- [Work item] All of the entries below should be returned verbatim, apart from the pictures.

Records contained in a dataset
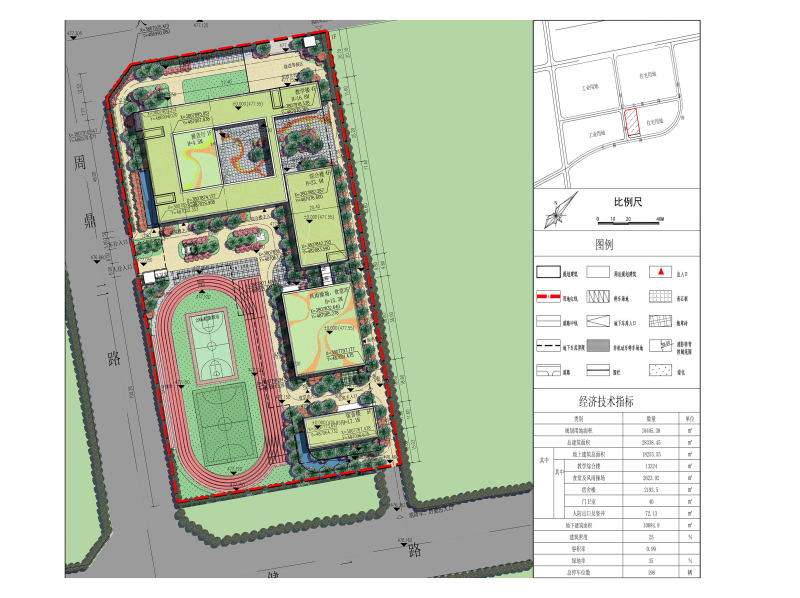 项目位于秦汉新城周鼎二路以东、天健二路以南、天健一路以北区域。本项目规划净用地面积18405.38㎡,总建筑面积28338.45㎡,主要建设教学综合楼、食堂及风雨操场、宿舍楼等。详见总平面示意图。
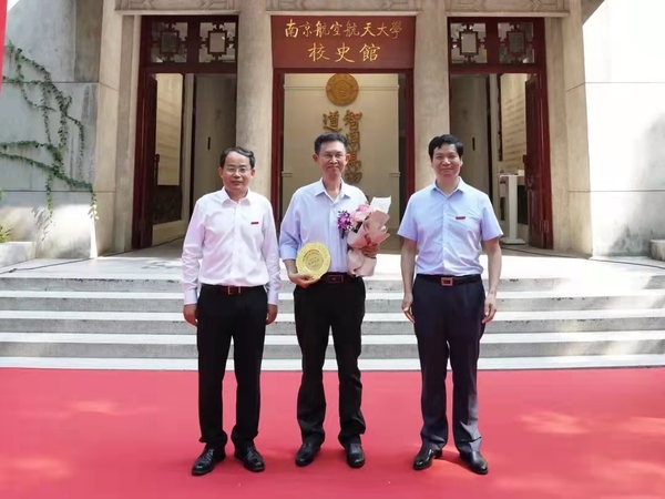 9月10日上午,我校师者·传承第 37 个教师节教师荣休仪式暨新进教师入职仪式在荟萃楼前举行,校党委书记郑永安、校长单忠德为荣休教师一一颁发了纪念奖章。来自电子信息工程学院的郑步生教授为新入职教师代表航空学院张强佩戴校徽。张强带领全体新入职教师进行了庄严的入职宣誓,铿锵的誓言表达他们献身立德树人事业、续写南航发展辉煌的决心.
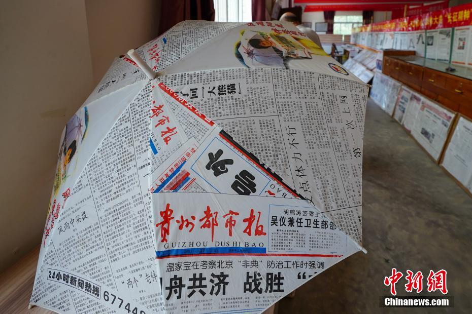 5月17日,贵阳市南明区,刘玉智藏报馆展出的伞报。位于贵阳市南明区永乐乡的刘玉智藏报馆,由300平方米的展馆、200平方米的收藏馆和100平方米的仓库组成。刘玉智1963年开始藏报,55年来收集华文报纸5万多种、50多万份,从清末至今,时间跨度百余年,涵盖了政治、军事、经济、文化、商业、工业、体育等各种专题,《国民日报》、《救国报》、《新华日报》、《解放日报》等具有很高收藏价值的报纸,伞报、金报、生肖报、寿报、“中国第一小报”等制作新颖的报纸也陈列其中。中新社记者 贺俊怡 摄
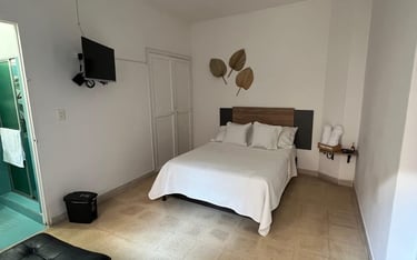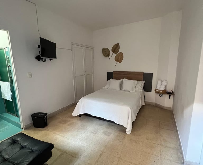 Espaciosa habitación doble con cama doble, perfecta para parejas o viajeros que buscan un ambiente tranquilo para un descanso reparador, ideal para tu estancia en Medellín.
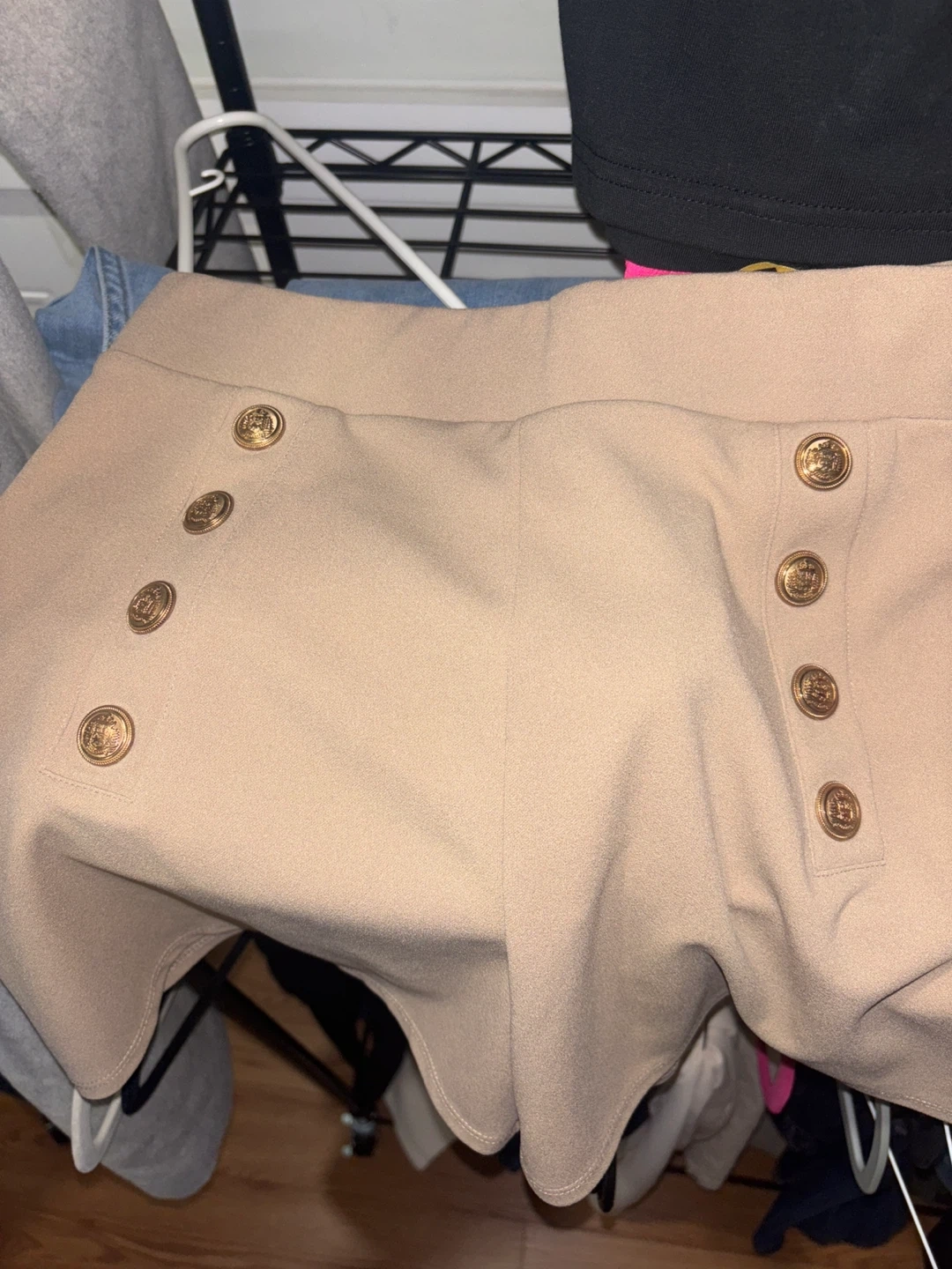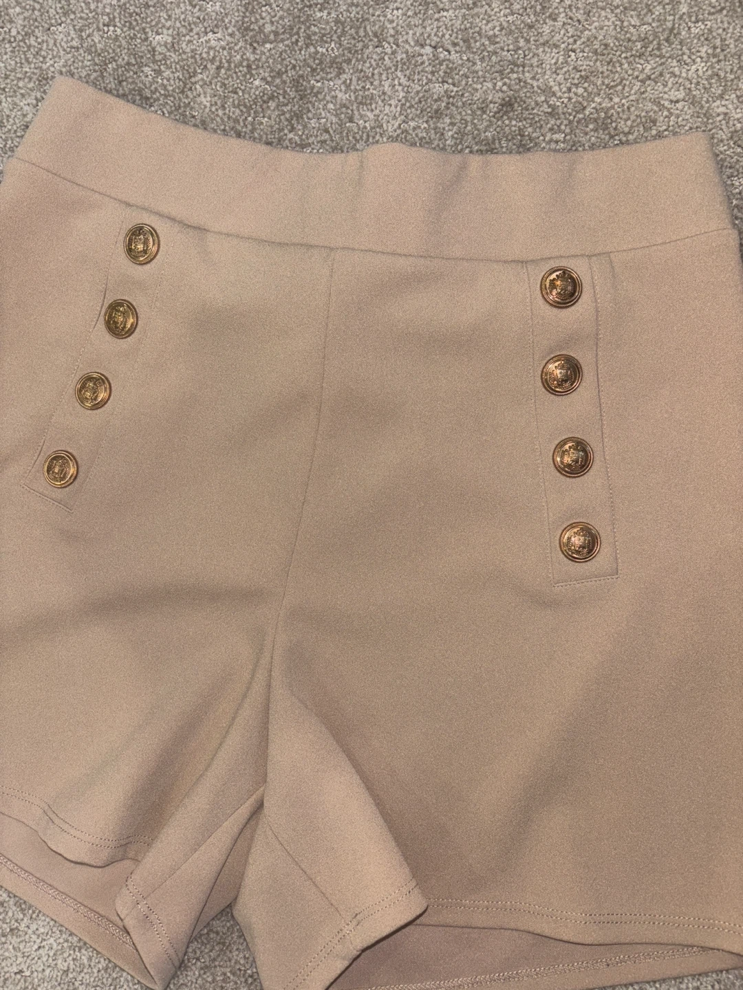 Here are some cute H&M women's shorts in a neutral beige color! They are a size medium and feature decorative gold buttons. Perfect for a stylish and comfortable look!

- [Solved problem]
 项目位于秦汉新城周鼎二路以东、天健二路以南、天健一路以北区域。本项目规划净用地面积18405.38㎡,总建筑面积28338.45㎡,主要建设教学综合楼、食堂及风雨操场、宿舍楼等。详见总平面示意图。
 9月10日上午,我校师者·传承第 37 个教师节教师荣休仪式暨新进教师入职仪式在荟萃楼前举行,校党委书记郑永安、校长单忠德为荣休教师一一颁发了纪念奖章。来自电子信息工程学院的郑步生教授为新入职教师代表航空学院张强佩戴校徽。张强带领全体新入职教师进行了庄严的入职宣誓,铿锵的誓言表达他们献身立德树人事业、续写南航发展辉煌的决心.
 5月17日,贵阳市南明区,刘玉智藏报馆展出的伞报。位于贵阳市南明区永乐乡的刘玉智藏报馆,由300平方米的展馆、200平方米的收藏馆和100平方米的仓库组成。刘玉智1963年开始藏报,55年来收集华文报纸5万多种、50多万份,从清末至今,时间跨度百余年,涵盖了政治、军事、经济、文化、商业、工业、体育等各种专题,《国民日报》、《救国报》、《新华日报》、《解放日报》等具有很高收藏价值的报纸,伞报、金报、生肖报、寿报、“中国第一小报”等制作新颖的报纸也陈列其中。中新社记者 贺俊怡 摄
 Espaciosa habitación doble con cama doble, perfecta para parejas o viajeros que buscan un ambiente tranquilo para un descanso reparador, ideal para tu estancia en Medellín.
 Here are some cute H&M women's shorts in a neutral beige color! They are a size medium and feature decorative gold buttons. Perfect for a stylish and comfortable look!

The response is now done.